What the fuck did you just fucking say about me, you little bitch? I’ll have you know I graduated top of my class in the Navy Seals, and I’ve been involved in numerous secret raids on Al-Quaeda, and I have over 300 confirmed kills. I am trained in gorilla warfare and I’m the top sniper in the entire US armed forces. You are nothing to me but just another target. I will wipe you the fuck out with precision the likes of which has never been seen before on this Earth, mark my fucking words. You think you can get away with saying that shit to me over the Internet? Think again, fucker. As we speak I am contacting my secret network of spies across the USA and your IP is being traced right now so you better prepare for the storm, maggot. The storm that wipes out the pathetic little thing you call your life. You’re fucking dead, kid. I can be anywhere, anytime, and I can kill you in over seven hundred ways, and that’s just with my bare hands. Not only am I extensively trained in unarmed combat, but I have access to the entire arsenal of the United States Marine Corps and I will use it to its full extent to wipe your miserable ass off the face of the continent, you little shit. If only you could have known what unholy retribution your little “clever” comment was about to bring down upon you, maybe you would have held your fucking tongue. But you couldn’t, you didn’t, and now you’re paying the price, you goddamn idiot. I will shit fury all over you and you will drown in it. You’re fucking dead, kiddo.

What in the Lord’s name did you just say about me, you little atheist? I’ll have you know I graduated top of my class in Ministry school, and I have over 300 confirmed prayers. I am trained in the religion Baptist and I’m the top Priest in the entire Christian religion. You are nothing to me but another non believer. I will teach you the word of God with the largest choir that has ever been seen; mark my works. You think you can get away with not believing in God? Think again, atheist. As we speak I am contacting my secret network of churches and pastors across the USA and you’re going to be forced to believe in God right now, so you better prepare for the faith, sir. The faith that wipes out the pathetic thing you call atheism. You’re Christian now, sir. I can teach you anywhere, anytime, and I can preach in over seven hundred ways, and that’s just off the top of my head.

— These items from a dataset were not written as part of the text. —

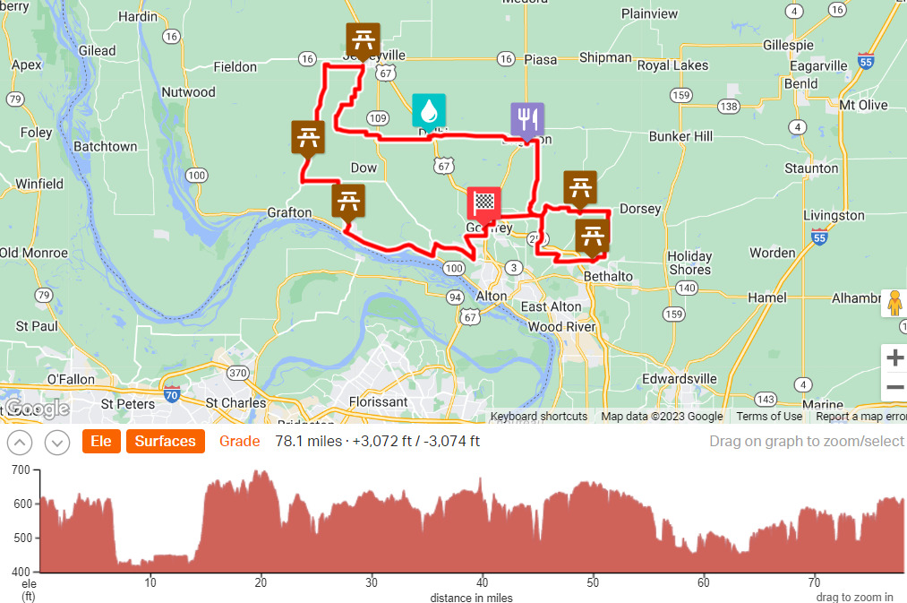 The biggest fundraising teams get queued up at the front of the gate. Team Maritz was the #1 fundraiser, with only about 30 members but some donors with deep pockets, raising $115K. Team Hogan has the largest number of riders (91!) was #2 with $73.6K, with Team UBD coming in right behind at #3 with $72.1K. Though the cool morning air was nippy, we took off from the campus and quickly found the hill down to the Great River Road, where we enjoyed the view of the mighty Mississippi before heading back up the hill from Elsah. You can see the elevation change before mile 8 and after mile 12 at the bottom of the map.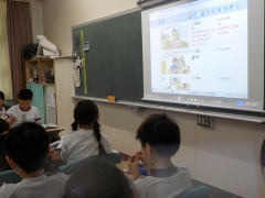 電気がついてなかったり、頭の影がノートに映っていて暗くなっていたり、子どもたちは気づいたことを積極的に発表していました。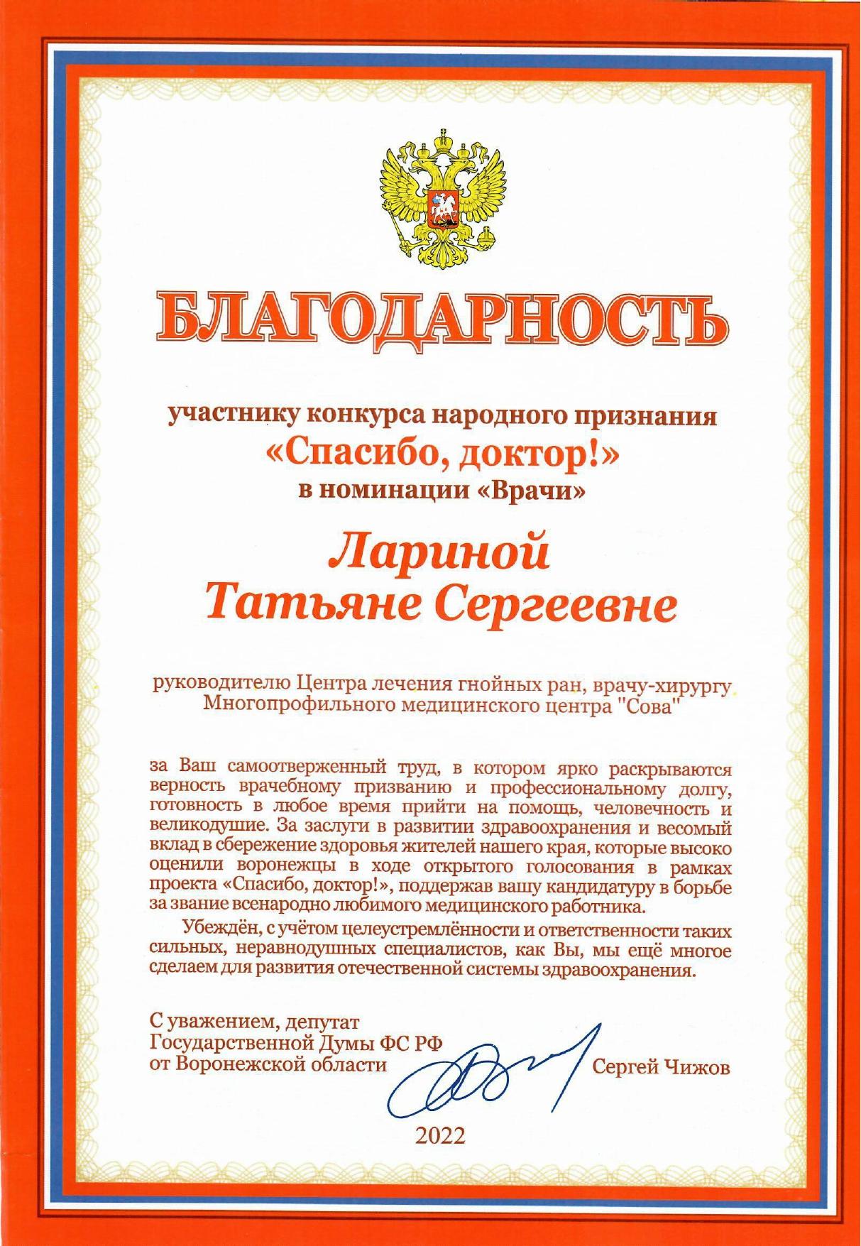 Выражаю огромную Благодарность Лариной Татьяне Сергеевне! Хирург высочайшего класса. Талант! Татьяна Сергеевна Ларина, осуществила мне операцию по удалению опухолевидного новообразования. Грамотные...

Not only am I extensively trained in preaching from memory, but I have access to the entire mob of the United States Christian Club and I will use it to its full extent to force you into Christianity, you little atheist. If only you could have known what unholy retribution your heresy was about to bring down upon you, maybe you wouldn’t have challenged the word of God. But you couldn’t, you didn’t and now you’re praying the price, you imbecile. I will teach the word of God all over you and you will drown in it. You’re a christian now, kiddo.